--- Given data ---
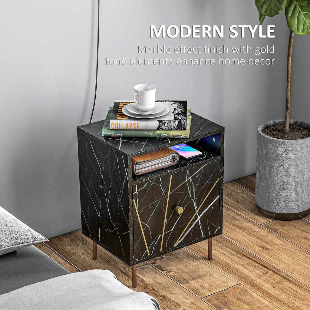 An essential for your living space, in a bold and elegant design - this bedside table. With a large drawer, upper open shelf and flat tabletop, there's plenty of room for nighttime essentials. Metal legs for support, so it stands steady. The black colour with marbled effect and gold coloured accents make this bedside locker a bold and beautiful centrepiece for your bedroom and beyond.
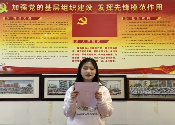 转正大会正式开始,陈辉同志向大家介绍了本次大会议程及介绍了陈嘉宜等六名预备党员同志的基本情况。陈嘉宜等六名预备党员同志以2018年12月7日经党支部大会讨论表决,并报学院党委统一接收为预备党员,至今预备期已满,向党组织递交转正申请。为保障党员的民主权利,确保新党员质量,经过党支部一年的培养考察,征求党内外群众意见,综合党员群众反映的问题及党总支调查核实,召开此次转正大会。
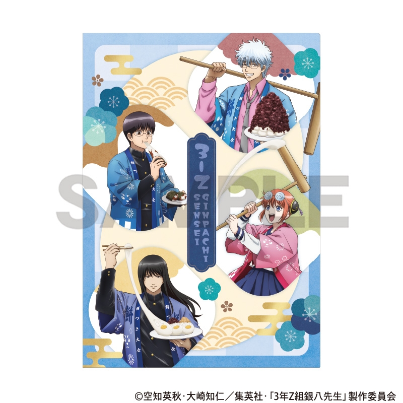 空知英秋原作の20周年を迎えたアニメ「銀魂」より、キャラクターグッズ『【グッズ-ファイル】3年Z組銀八先生 シングルクリアファイル ブルー 餅つき大会
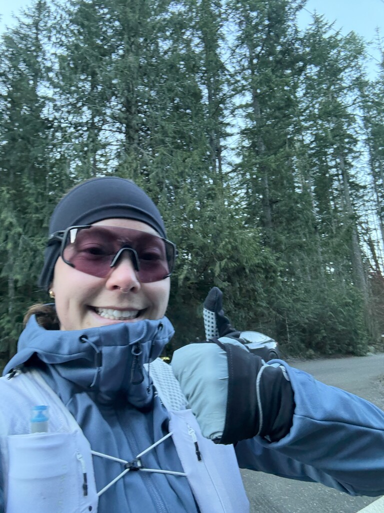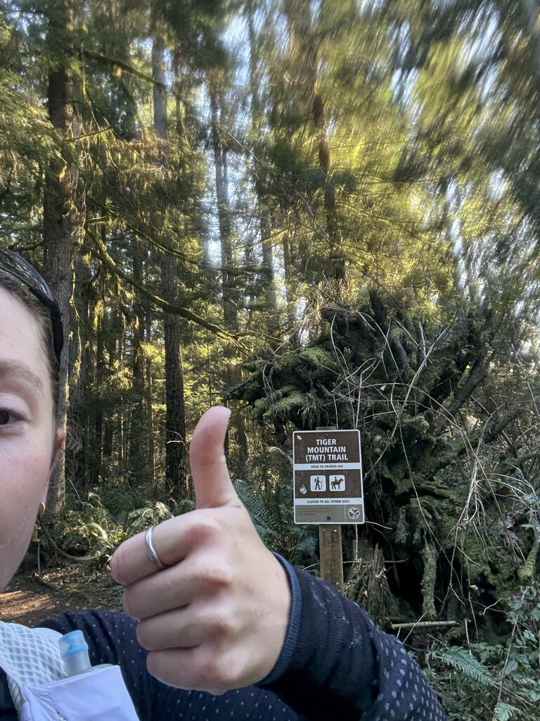Started the Tiger Mountain Trail out and back traverse saturday Jan 24 on a very chilly sunny day. Wanted a fun solo day on Tiger & thought I might be able to knock a few minutes off the unsupported fkt so I brought ~2L of water, a filter, and a bunch of snacks & set out around 9 am. It was really cold but warm once getting moving so I ended up taking off a bunch of layers and carrying them. So many folks out and tons of flybys and including a few folks hearing me audibly freak out at the clearcut below middle tiger on how beautiful Tahoma was looking today. Great dogs out there too. I’d only seen the first few miles of the TMT from West tiger so getting to see its entirety was pretty special. Filled up a soft flask w a filter on my way back, there were a lot more water crossings than I expected! Some ice up top too right below WT2. Got a little turned around when TMT follows the FS road for a sec and waddled around for a minute or two confused but had the route on my watch. Technology!
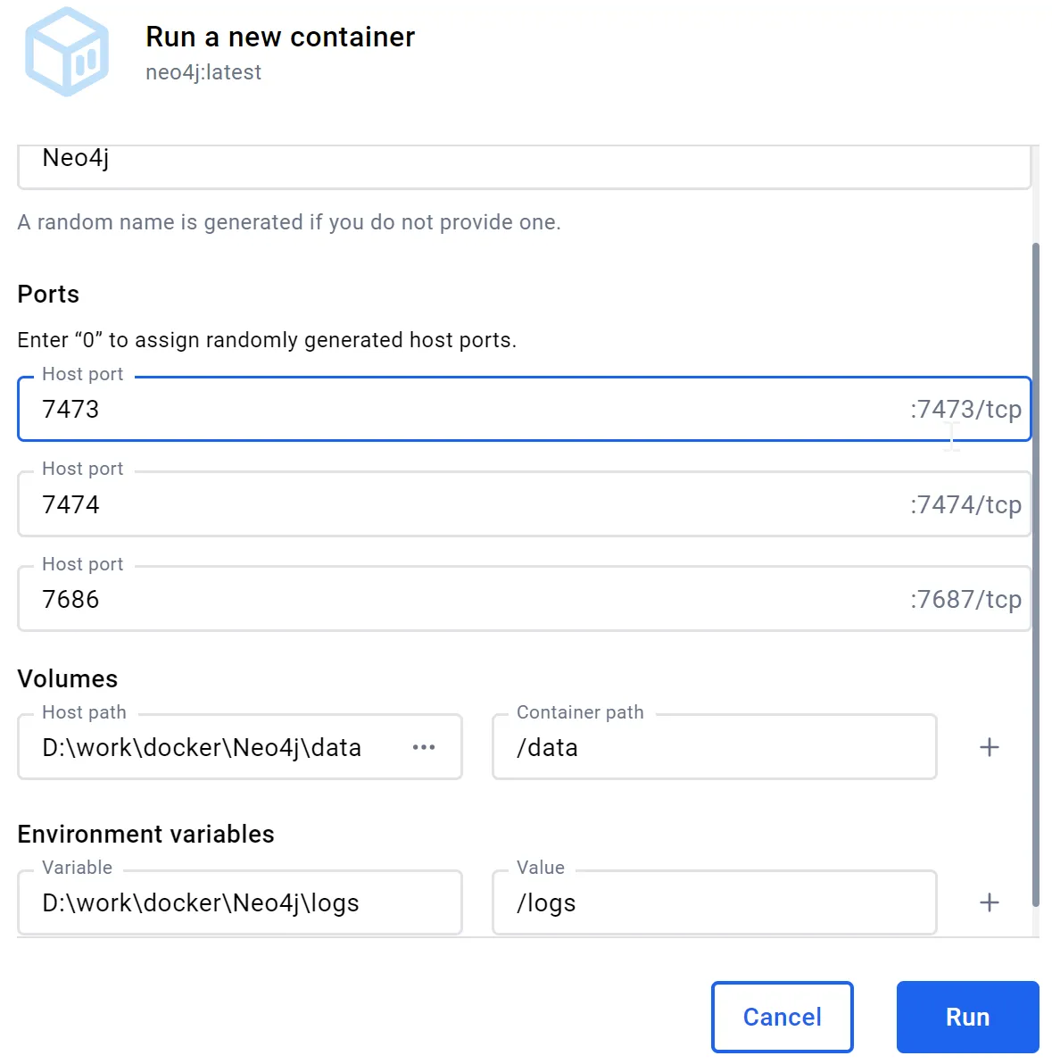 打开 Docker Desktop 界面,找到 Neo4j 镜像,点击Run,配置参数:
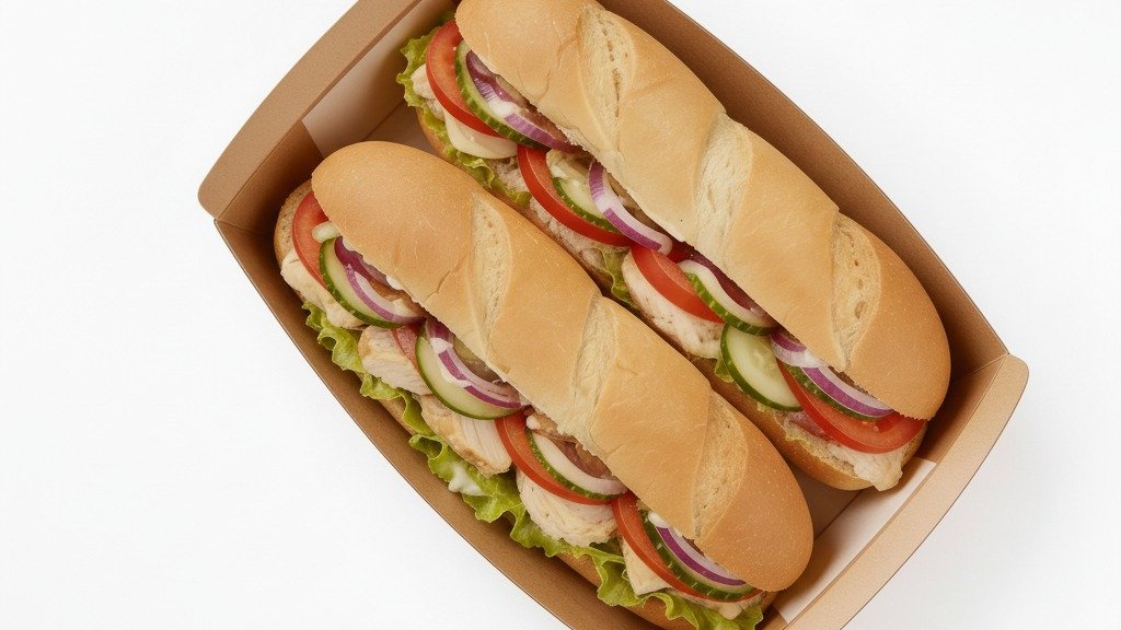 4 Sandwiches nach Wahl. Mit Cheese, Eisberg, Gurken, Tomaten, Zwiebeln und Sauce.
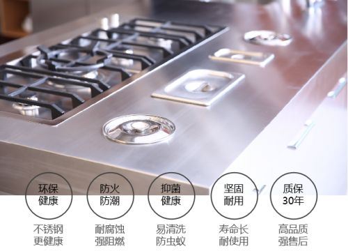 1、基材优势中餐烹饪高温高湿高油烟,不锈钢厨柜环保、防水、防火、耐刮、抗腐蚀、高寿命、易清洁,比传统木质橱柜更坚固、更健康。
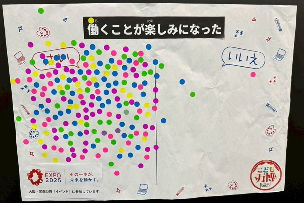 日本の子どもたちは、他国と比べて「自己肯定感」や「挑戦意欲」が低いとされ、社会全体でキャリア教育の充実が求められています。当社ではこれまでにも、「おやこ参観日」「小学生インターン」「キッズビジネススクール」など、早期から“働く”をポジティブに捉えるための活動を展開してきました。今回のこども万博出展もその一環であり「仕事の楽しさ」を体験を通して伝えました。

--- What you have to do ---
The result should be a transcript of the lines from the line containing "打开 Docker Desktop" through the end of the listing above, exact, inclusive, and without pictures.

--- Solution to the problem ---
 打开 Docker Desktop 界面,找到 Neo4j 镜像,点击Run,配置参数:
 4 Sandwiches nach Wahl. Mit Cheese, Eisberg, Gurken, Tomaten, Zwiebeln und Sauce.
 1、基材优势中餐烹饪高温高湿高油烟,不锈钢厨柜环保、防水、防火、耐刮、抗腐蚀、高寿命、易清洁,比传统木质橱柜更坚固、更健康。
 日本の子どもたちは、他国と比べて「自己肯定感」や「挑戦意欲」が低いとされ、社会全体でキャリア教育の充実が求められています。当社ではこれまでにも、「おやこ参観日」「小学生インターン」「キッズビジネススクール」など、早期から“働く”をポジティブに捉えるための活動を展開してきました。今回のこども万博出展もその一環であり「仕事の楽しさ」を体験を通して伝えました。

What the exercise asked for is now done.